The NVIDIA Validation Suite consists of a series of plugins that are each designed to accomplish a different goal.

Deployment Plugin

The deployment plugin's purpose is to verify the compute environment is ready to run Cuda applications and is able to load the NVML library.

Preconditions

  • LD_LIBRARY_PATH must include the path to the cuda libraries, which for version X.Y of Cuda is normally /usr/local/cuda-X.Y/lib64, which can be set by running export LD_LIBRARY_PATH=/usr/local/cuda-X.Y/lib64
  • The linux nouveau driver must not be running, and should be blacklisted since it will conflict with the nvidia driver

Configuration Parameters

None at this time.

Stat Outputs

None at this time.

Failure

The plugin will fail if:
  • The corresponding device nodes for the target GPU(s) are being blocked by the operating system (e.g. cgroups) or exist without r/w permissions for the current user.
  • The NVML library libnvidia-ml.so cannot be loaded
  • The Cuda runtime libraries cannot be loaded
  • The nouveau driver is found to be loaded
  • Any pages are pending retirement on the target GPU(s)
  • Any other graphics processes are running on the target GPU(s) while the plugin runs

PCIe - GPU Bandwidth Plugin

The GPU bandwidth plugin's purpose is to measure the bandwidth and latency to and from the GPUs and the host.

Preconditions

None

Sub Tests

The plugin consists of several self-tests that each measure a different aspect of bandwidth or latency. Each subtest has either a pinned/unpinned pair or a p2p enabled/p2p disabled pair of identical tests. Pinned/unpinned tests use either pinned or unpinned memory when copying data between the host and the GPUs.
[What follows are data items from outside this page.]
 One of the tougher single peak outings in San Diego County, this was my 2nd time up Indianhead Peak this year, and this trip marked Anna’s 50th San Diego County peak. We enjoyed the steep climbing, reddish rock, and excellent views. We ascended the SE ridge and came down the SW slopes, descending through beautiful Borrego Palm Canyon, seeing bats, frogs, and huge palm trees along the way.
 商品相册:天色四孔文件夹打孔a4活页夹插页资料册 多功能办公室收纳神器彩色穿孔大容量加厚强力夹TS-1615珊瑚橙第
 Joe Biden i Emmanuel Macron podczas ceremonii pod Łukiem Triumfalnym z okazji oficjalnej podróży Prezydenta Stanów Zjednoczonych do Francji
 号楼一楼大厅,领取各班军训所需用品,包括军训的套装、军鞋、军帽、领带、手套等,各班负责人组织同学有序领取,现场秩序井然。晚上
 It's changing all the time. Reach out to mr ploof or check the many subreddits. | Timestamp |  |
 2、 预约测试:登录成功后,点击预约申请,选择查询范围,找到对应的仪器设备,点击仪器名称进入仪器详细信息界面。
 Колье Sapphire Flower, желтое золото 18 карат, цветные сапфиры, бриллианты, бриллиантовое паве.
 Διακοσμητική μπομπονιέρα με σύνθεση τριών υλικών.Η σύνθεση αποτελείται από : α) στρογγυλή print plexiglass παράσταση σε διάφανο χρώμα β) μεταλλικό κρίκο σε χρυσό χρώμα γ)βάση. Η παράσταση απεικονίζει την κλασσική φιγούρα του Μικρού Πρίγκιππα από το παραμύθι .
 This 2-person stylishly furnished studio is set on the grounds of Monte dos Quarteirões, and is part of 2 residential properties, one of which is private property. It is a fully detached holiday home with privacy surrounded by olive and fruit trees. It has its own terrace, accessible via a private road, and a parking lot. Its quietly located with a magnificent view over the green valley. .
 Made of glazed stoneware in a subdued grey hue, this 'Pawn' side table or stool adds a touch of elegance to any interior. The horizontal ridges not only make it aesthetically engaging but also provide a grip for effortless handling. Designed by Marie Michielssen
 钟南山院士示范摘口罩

This plugin will use NvLink to communicate between GPUs when possible. Otherwise, communication between GPUs will occur over PCIe

Each sub test is represented with a tag that is used both for specifying configuration parameters for the sub test and for outputting stats for the sub test. P2p enabled/p2p disabled tests enable or disable GPUs on the same card talking to each other directly rather than through the PCIe bus.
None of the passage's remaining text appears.